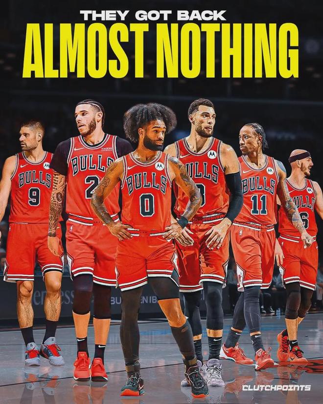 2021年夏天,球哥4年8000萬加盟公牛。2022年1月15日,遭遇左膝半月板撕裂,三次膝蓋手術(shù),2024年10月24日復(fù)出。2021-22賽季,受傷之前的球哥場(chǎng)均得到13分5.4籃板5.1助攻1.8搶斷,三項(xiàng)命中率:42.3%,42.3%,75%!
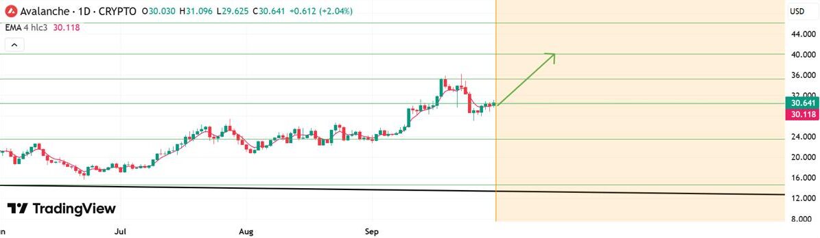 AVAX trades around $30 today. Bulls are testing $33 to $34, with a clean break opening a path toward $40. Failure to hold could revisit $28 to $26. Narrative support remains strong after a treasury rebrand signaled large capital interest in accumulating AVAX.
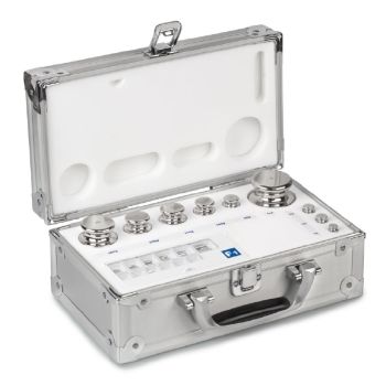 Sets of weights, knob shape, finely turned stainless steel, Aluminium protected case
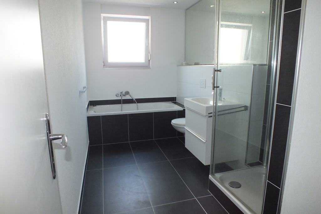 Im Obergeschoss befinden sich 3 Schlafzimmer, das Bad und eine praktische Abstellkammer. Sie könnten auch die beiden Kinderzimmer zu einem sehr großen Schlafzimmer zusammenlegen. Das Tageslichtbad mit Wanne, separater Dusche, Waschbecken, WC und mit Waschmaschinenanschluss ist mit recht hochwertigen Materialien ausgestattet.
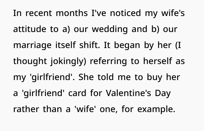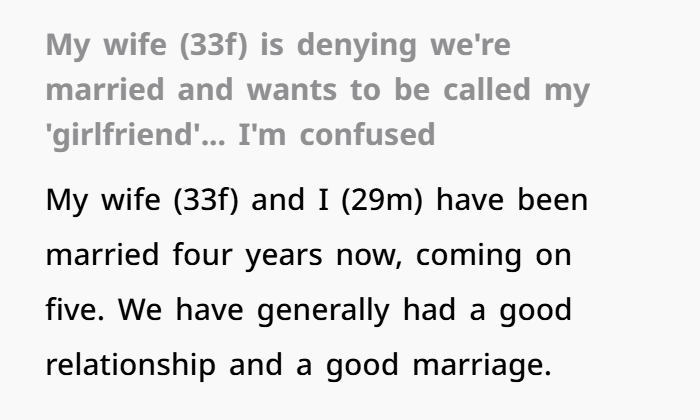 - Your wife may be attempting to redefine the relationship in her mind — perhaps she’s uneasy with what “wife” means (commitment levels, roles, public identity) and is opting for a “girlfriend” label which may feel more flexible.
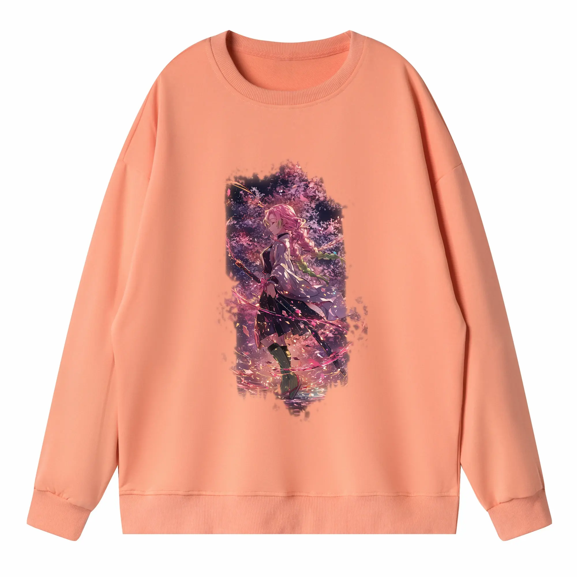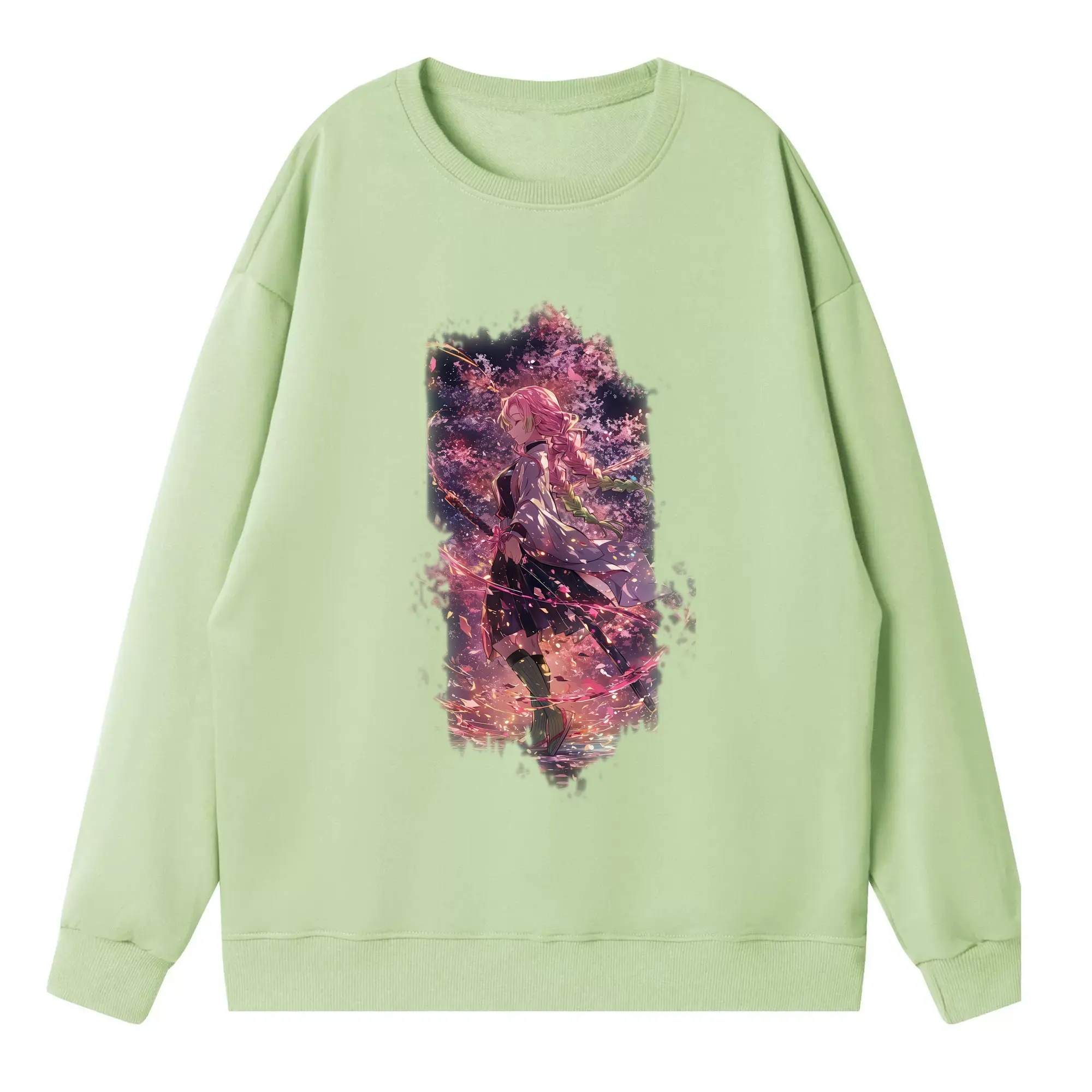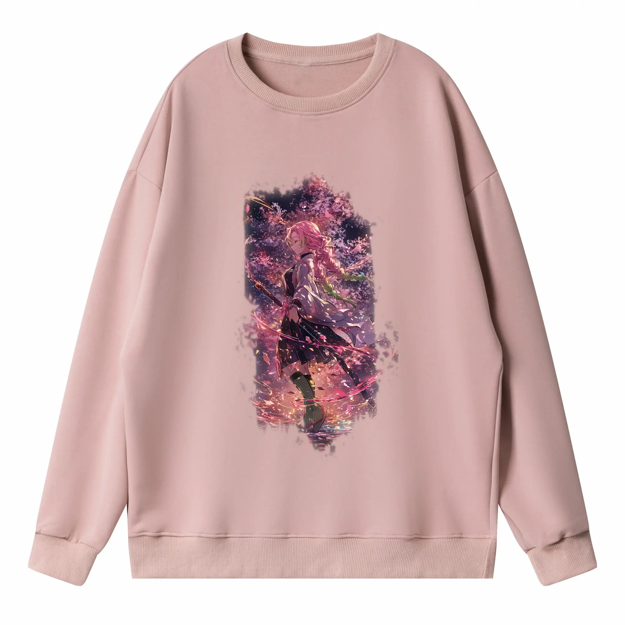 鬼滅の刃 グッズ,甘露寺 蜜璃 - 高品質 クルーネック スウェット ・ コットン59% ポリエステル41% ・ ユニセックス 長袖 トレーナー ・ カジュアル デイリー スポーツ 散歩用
-------
● **TASK REQUIREMENTS**
An exact copy of the entries above is required, with the pictures left out.

● **OUTPUT FOR THIS EXERCISE**
 2021年夏天,球哥4年8000萬加盟公牛。2022年1月15日,遭遇左膝半月板撕裂,三次膝蓋手術(shù),2024年10月24日復(fù)出。2021-22賽季,受傷之前的球哥場(chǎng)均得到13分5.4籃板5.1助攻1.8搶斷,三項(xiàng)命中率:42.3%,42.3%,75%!
 AVAX trades around $30 today. Bulls are testing $33 to $34, with a clean break opening a path toward $40. Failure to hold could revisit $28 to $26. Narrative support remains strong after a treasury rebrand signaled large capital interest in accumulating AVAX.
 Sets of weights, knob shape, finely turned stainless steel, Aluminium protected case
 Im Obergeschoss befinden sich 3 Schlafzimmer, das Bad und eine praktische Abstellkammer. Sie könnten auch die beiden Kinderzimmer zu einem sehr großen Schlafzimmer zusammenlegen. Das Tageslichtbad mit Wanne, separater Dusche, Waschbecken, WC und mit Waschmaschinenanschluss ist mit recht hochwertigen Materialien ausgestattet.
 - Your wife may be attempting to redefine the relationship in her mind — perhaps she’s uneasy with what “wife” means (commitment levels, roles, public identity) and is opting for a “girlfriend” label which may feel more flexible.
 鬼滅の刃 グッズ,甘露寺 蜜璃 - 高品質 クルーネック スウェット ・ コットン59% ポリエステル41% ・ ユニセックス 長袖 トレーナー ・ カジュアル デイリー スポーツ 散歩用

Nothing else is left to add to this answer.